Charles Garabedian
American, 1923-2016

You Are Going On A Trip, 1961/1980
etching
5 1/2 x 5 7/8 in.

SBMA, Gift of Stephen Acronico
1986.86.1.1



Lani Asher and Mike Solomon in class, with artist Charles Garabedian, College of Creative Studies, UCSB c. 1977

“Creativity is a strange thing, very elusive. The important thing is that everybody has to do something and everybody should find out who they are.” - Charles Garabedian



Garabedian in 2011

COMMENTS

Charles Garabedian was a figure whose highly unique path as an artist had a broad influence on Los Angeles and contributed to the pluralistic view of art, place, and practice that took shape on the West Coast in the 1980s. Garabedian was born in 1923 in Detroit, served as a staff sergeant in the US Air Force, as an aerial gunner on a B-24 in over thirty missions over Europe, and worked for the Union Pacific Railroad.
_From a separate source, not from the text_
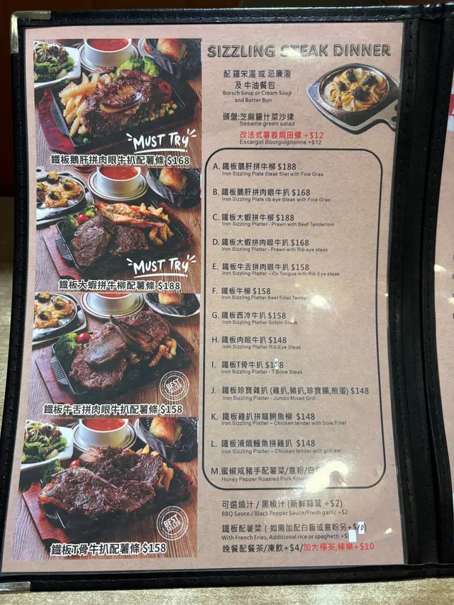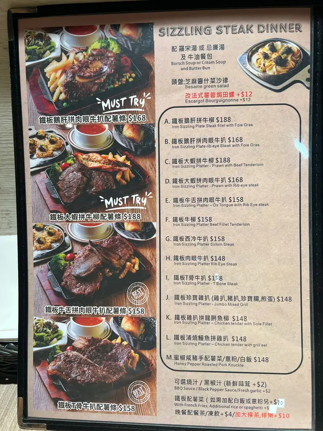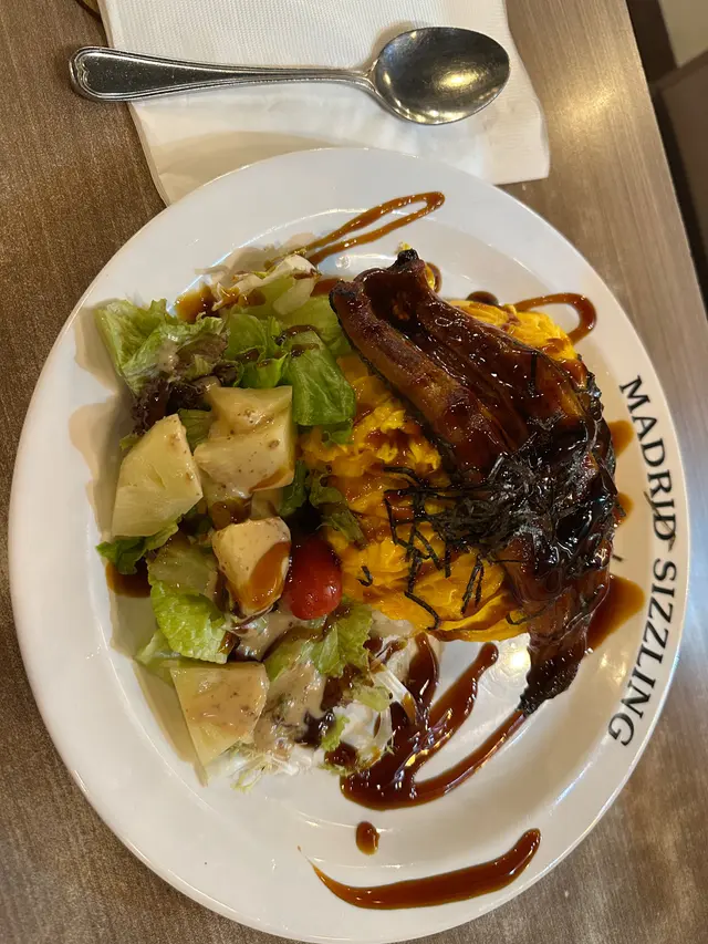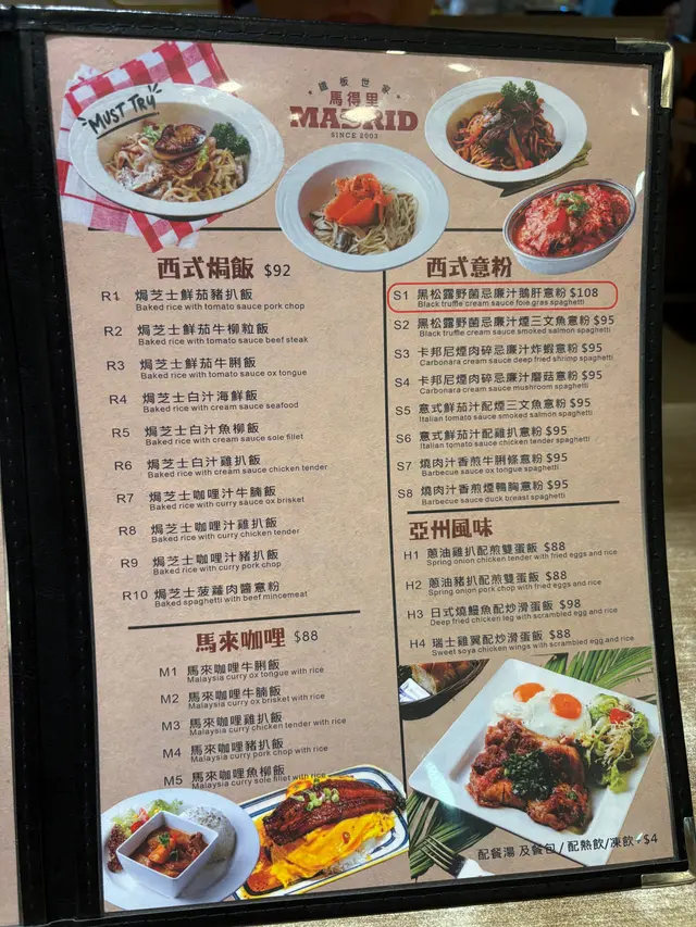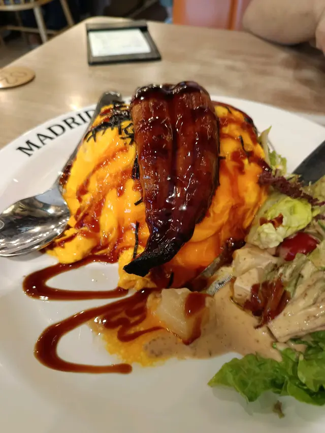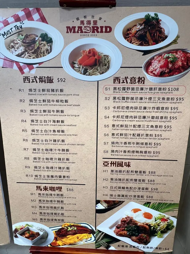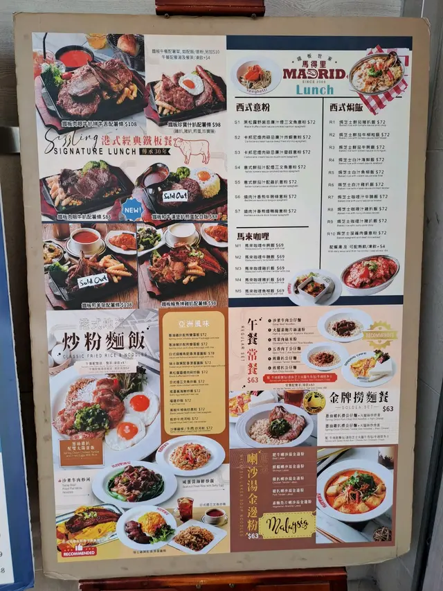 ## 食評:深水埗 Madrid Cafe今日放工之後,我自己獨自去咗深水埗行街,無意中入咗一間主打鐵板餐的茶餐廳,Madrid Cafe。餐廳裝修簡單舒適,以懷舊為主,適合一個人靜靜享受晚餐,亦都適合一班人敘舊吹水。### 環境餐廳內部環境乾淨,座位安排合理,讓人感到放鬆。服務生態度友善,讓我一進去就有種歡迎的感覺。### 食物#### 飲品- **凍奶茶**: - 叫咗杯凍奶茶,少甜,味道剛好,帶有懷舊感,都幾好飲。- **茶走**: - 比較特別,茶味同煉奶嘅混合比例適中,超級滿意,超級解渴。####餐湯湯品我選擇咗一白一紅,白湯正常,有粟米同火腿,而紅湯蕃茄味濃郁,帶少少辣味,非常開胃。#### 前菜- **法式焗田螺**: - 田螺有四粒,加$12非常抵,薯蓉都做得唔錯,整體味道均衡,十分好味,亦都幾高性價比。#### 主菜1. **大蝦牛柳鐵板**: -牛柳我選擇左五成熟,肉質好,美味可口,大蝦亦都幾彈牙。鐵板上左枱後,餐廳侍應會問你選擇燒汁定黑椒汁,然後再淋喺鐵板上,懷舊嘅感覺令人心情愉快。如果唔想薯條腍晒嘅人可以選擇汁另上。2. **鰻魚滑蛋飯**: - 份量大,鰻魚有成條,味道入味,蛋煮得恰到好處,滑嫩好食。加上沙律,整體吃下去非常滿足。### 總結整體而言,Madrid Cafe的食物份量大,性價比高,讓我一個人都可以食得相當滿足。下次再黎深水埗,我一定會再光顧!…查看更多

He began his career at age 32 when he began studying drawing with Howard Warshaw, then entered graduate school at UCLA, where he studied with William Brice and others and received his MA in 1961. He joined the legendary Ceeje Gallery in Los Angeles in the early 1960s, debuted nationally in the 1975 Whitney Biennial, was represented in Marcia Tucker's notorious 1978 Bad Painting exhibition at the New Museum, and was hailed as a major force in the revival of figurative painting in the 1993 Corcoran Biennial. In 2011, SBMA mounted the exhibition Charles Garabedian: A Retrospective, which represented the artist’s entire career with an emphasis on paintings and drawings produced during the years since his first and only other major solo museum exhibitions in 1981 (La Jolla Museum of Contemporary Art) and 1983 (Rose Art Museum).